What is Covered by Part A of Medicare? A Medicare Guide for Doctors.

When working with your patients in a medical practice, it is important to understand what their insurance coverage is and how it works. This is especially true for Medicare patients.

Currently, 44 million Americans are enrolled in the Medicare program and enrollment is expected to rise to 79 million within 15 years. While only about 10% of beneficiaries rely solely on the Medicare program for health care coverage, it is important to understand what benefits are available for your patients, should they require coverage.

For patients using Medicare, there is a great deal of confusion between Part A, Part B, Part c and Part D of Medicare Coverage.
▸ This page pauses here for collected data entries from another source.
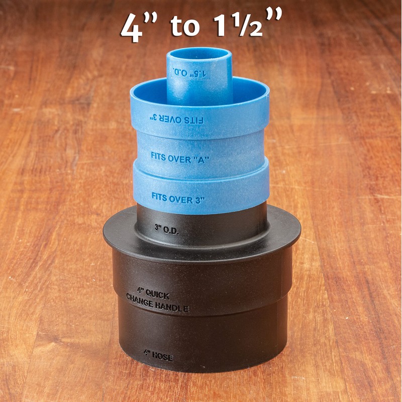 - Features: Our dust collector fitting adapter set has 3 interchangeable adapters that can be combined in 5 different ways for connecting dust hoses and tools to dust collection. This shop vacuum port adapter set reduces 4 hose/handle to 3 OD, 2-1/2 OD/2-1/4 ID, 2-1/4 OD/2 ID, and 1-1/2 OD/1-1/4 ID.
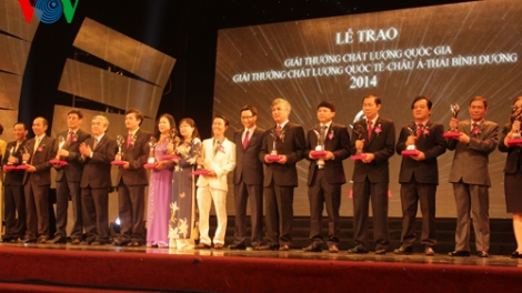 (VOV5) - Trong 65 doanh nghiệp được nhận Giải thưởng Chất lượng quốc gia năm 2014, có 19 doanh nghiệp được nhận giải vàng và 46 doanh nghiệp được nhận giải bạc.
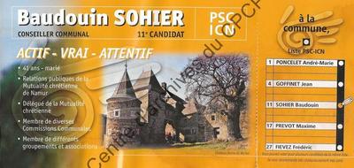 Imprimé électoral de conseiller communal PSC de Namur Baudouin Sohier réalisé à l'occasion des élections communales du 8 octobre 2000.
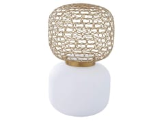 Vaso con base in opalino e rete di ottone
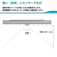 ・人感センサー搭載のLEDライトです。暗い場所に人が近づくと自動で点灯し、玄関廊下階段クローゼット物置などの足元をしっかり照らします。

This article will cover what is covered by Part A of Medicare.


What is covered by Part A of Medicare?

Medicare Part A is often described as ‘hospital insurance’. This term aims to distinguish it from medical insurance (Part B). However, the phrase is misleading. ‘Hospital insurance’ sounds as though Part A covers your entire bill if you’re admitted to a hospital, but it doesn’t work that way.
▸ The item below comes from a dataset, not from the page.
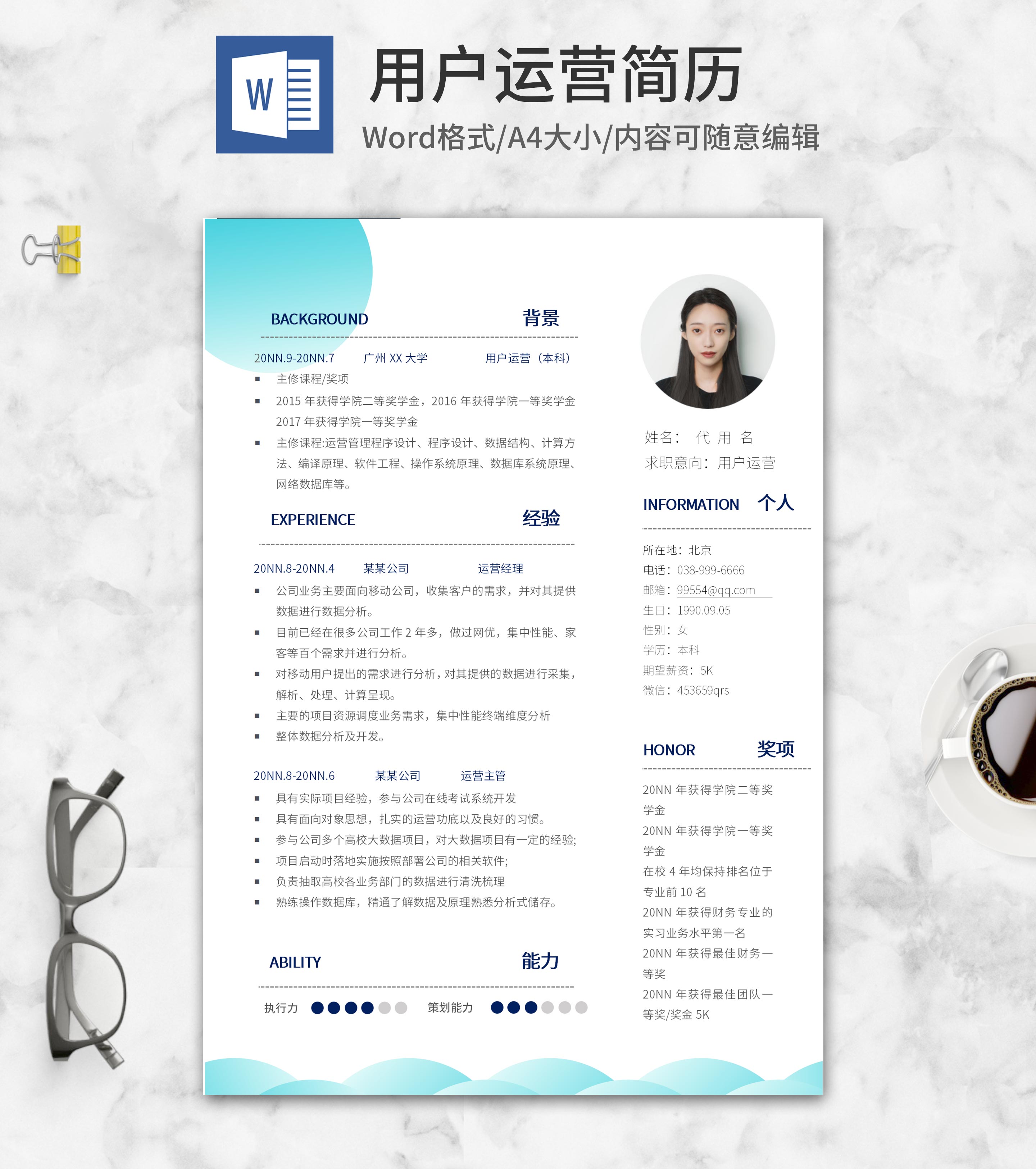 蓝色波浪用户运营简历word模板

The services that patients receive from doctors, surgeons, or anesthetists while in the hospital are all billed separately, and are covered under Part B.
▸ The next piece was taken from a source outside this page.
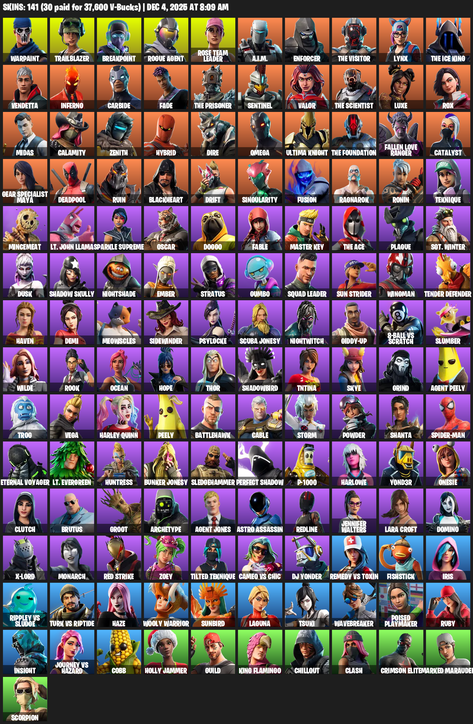 Omega, Gear Specialist Maya, Lara Croft, Warpaint, Trailblazer, Breakpoint, Rogue Agent, Rose Team Leader, A.I.M., Enforcer, The Visitor, Lynx, Vendetta, Inferno, Carbide, Fade, Sentinel, Valor
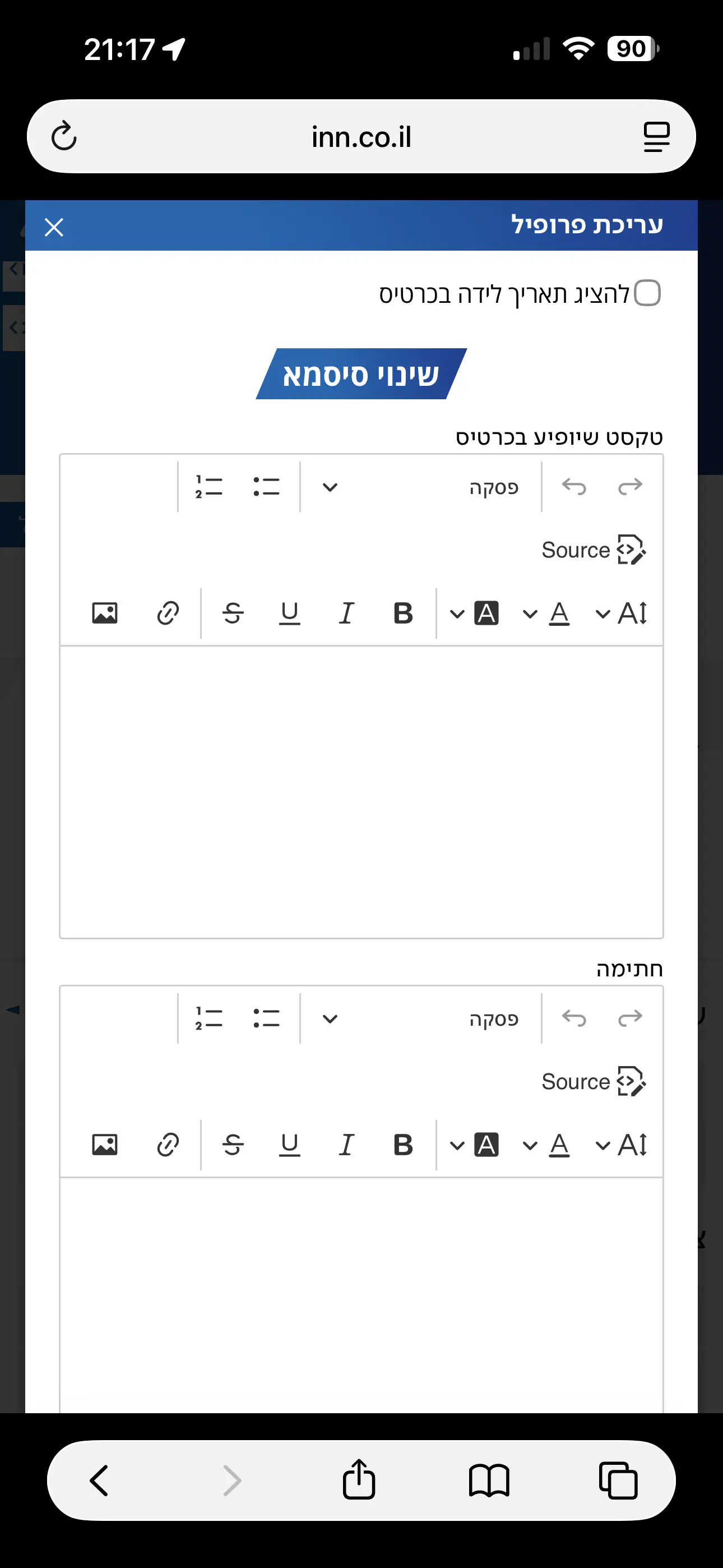 נכנסת לכרטיס שלי, עריכת פרופיל, שינוי סיסמהפ.א.

In fact, your patients may not even have to be hospitalized to get services under Part A because some are provided in settings outside the hospital or even in your own home.


Medicare Part A typically covers hospital stays, skilled nursing care, hospice, and home health-care services. Part A services may still require that a patient pay various deductibles, coinsurance, and copayments.

It may be more accurate to think of Medicare Part A as coverage for nursing care. It essentially pays for the services of professional nurses when you’re admitted to a hospital or a skilled nursing facility (such as a nursing home or rehab center). The items covered by Medicare Part A include:

– A semiprivate room in the hospital or nursing facility, including meals provided directly by the hospital or nursing facility

– Other services provided directly by the hospital or nursing facility. This can include lab tests, prescription drugs, medical appliances and supplies, and rehabilitation therapy

– All services provided by a home health agency if you qualify for continuing care at home

– All services provided by a hospice program if you choose to stop treatment for a terminal illness

The vast majority of people in Medicare are eligible for Part A services without paying any premiums for it. That’s because Part A is essentially paid for in advance by the Medicare payroll taxes that you or your spouse contributed from every paycheck while working.

However there may be circumstances that require that a patient pay various deductibles, coinsurance, and copayments.